Delicate yet mysterious, Marcel Duchamp’s Air de Paris represents one of his most personal and poetic readymades. Late in 1919, before leaving Paris, Duchamp purchased a souvenir for his dear friend and patron, Walter C. Arensberg. He asked a local pharmacist to empty the “Serum Physiologique” from a glass ampoule, allowing it to refill with Paris air before resealing it. Reminiscing on his experience Duchamp stated, “I thought of it as a present for Arensberg, who had everything money could buy. So I brought him an ampoule of Paris air” (H. Richter, Dada: Art and Anti-Art, New York, 1965, p. 99). The store-bought glass vessel encasing air appeared to contain nothing at all forcing the viewer to question what exactly, if anything, the ampoule holds.

As pioneer of the Dada movement, Duchamp rejected the concept of a work of art seeking alternatives to the institution. The ultimate defiance on artistic tradition was the Readymade: “any common, fabricated object that, without undergoing any modification but solely by reason of its having been chosen by the author, is consecrated a work of art” (A. Schwartz, The Complete Works of Marcel Duchamp, New York, 2000, p. 44). Art evolved into a choice, a decision, rather than the desire for an aesthetically pleasing visual; the Readymade dissolved taste and embraced visual indifference. Duchamp’s choice of the tiny French glass ornament allowed the object to become a work of art capturing a moment in time, a cerebral art. In true Dada fashion, Arensberg, in 1949, accidentally broke the ampoule containing the air of Paris. Though able to be repaired, this begs the question—is this the Air de Paris any longer?

50cc d’air de Paris, inscribed on the present work, falsifies the volume that the ampoule encases. Alluding to Duchamp’s suspicion of the definite, the ampoule itself in fact holds 125 cubic centimeters, more than double Duchamp’s determination. This mistrust for a unit of measure was materialized in 3 Standard Stoppages from 1913-14. Dropping three one-meter-long threads, from the height of one meter onto stretched canvases, Duchamp left the outcome entirely to chance. To preserve the curves, the threads were adhered to the canvases and cut along the profile. Each thread remained a meter long, yet all formed differently mocking the notions of measurement—“a joke about the meter.” Air de Paris mocks the standards of measurement by blatantly misleading the viewer with not only physical size, but its contents. Can you truly measure nothing?

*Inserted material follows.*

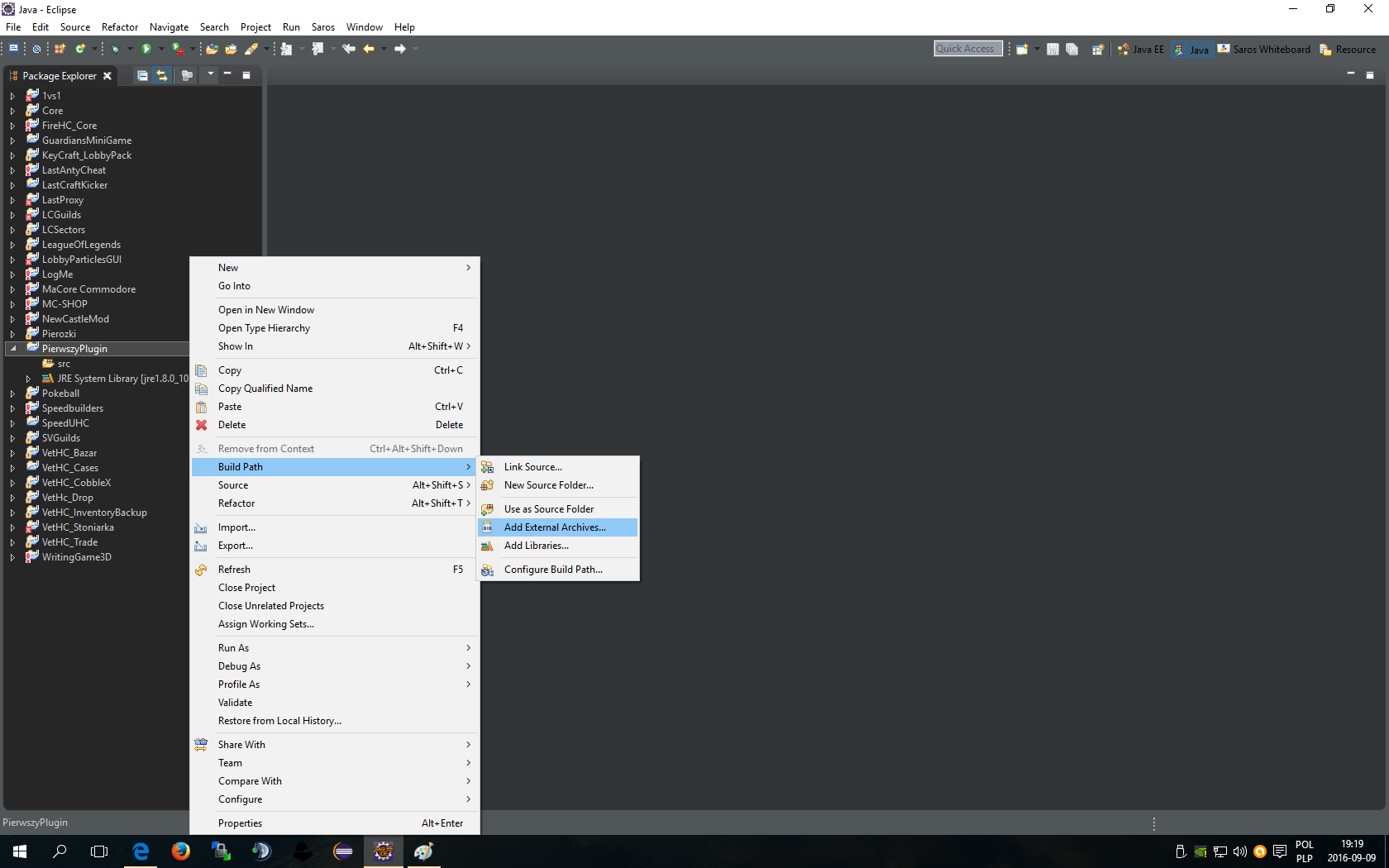 Gdy utworzy się nam pierwszy projekt otwórzmy go, następnie kliknijmy prawym na niego, oraz kliknijmy Build Path, Add External Archives.

Duchamp inspired many artists through the Readymade and redefinition of the artistic ritual. One such artist who truly took to heart Duchamp’s mockery and rejection of “retinal” art was Piero Manzoni. In 1961, the artist produced ninety cans of Artist’s Shit, each number and signed. In a letter to his friend Ben Vautier, Manzoni wrote “…if collectors want something intimate, really personal to the artist, there’s the artist’s own shit, that is really his” (F. Battino and L. Palazzoli, Piero Manzoni: Catalogue Raisonné, Milan, 1991, p. 144). Manzoni disregarded taste and fulfilled the “desire” of collectors. Duchamp’s creation of the Readymade not only shaped the artists around him, but changed the course of artistic practice. Postwar and contemporary artists, such as Robert Rauschenberg, Jeff Koons and Martin Creed, still reference his defiance and boldness choosing the found object as their medium.

To further the desecration of artistic tradition, the Readymade can inherently be found and chosen indiscriminately. Though to allow the original notion to prosper, on the 50th anniversary of its conception, Duchamp collaborated with his close friend and gallery owner Arturo Schwarz to reproduce a series of Readymades, which had since been destroyed or lost—including The Fountain and Hat Rack. The present work of 1964 was created on this occasion to celebrate Duchamp’s ultimate rebellion, ensuring its affluence. Of the twelve reproductions allowed by Duchamp, one was reserved for the artist and another for Schwarz (the present work). While the original remains in the famed Marcel Duchamp collection of Walter C. Arensberg gifted to the Philadelphia Museum of Art, another from the edition of the eight lives in Paris at the Centre Pomipdou.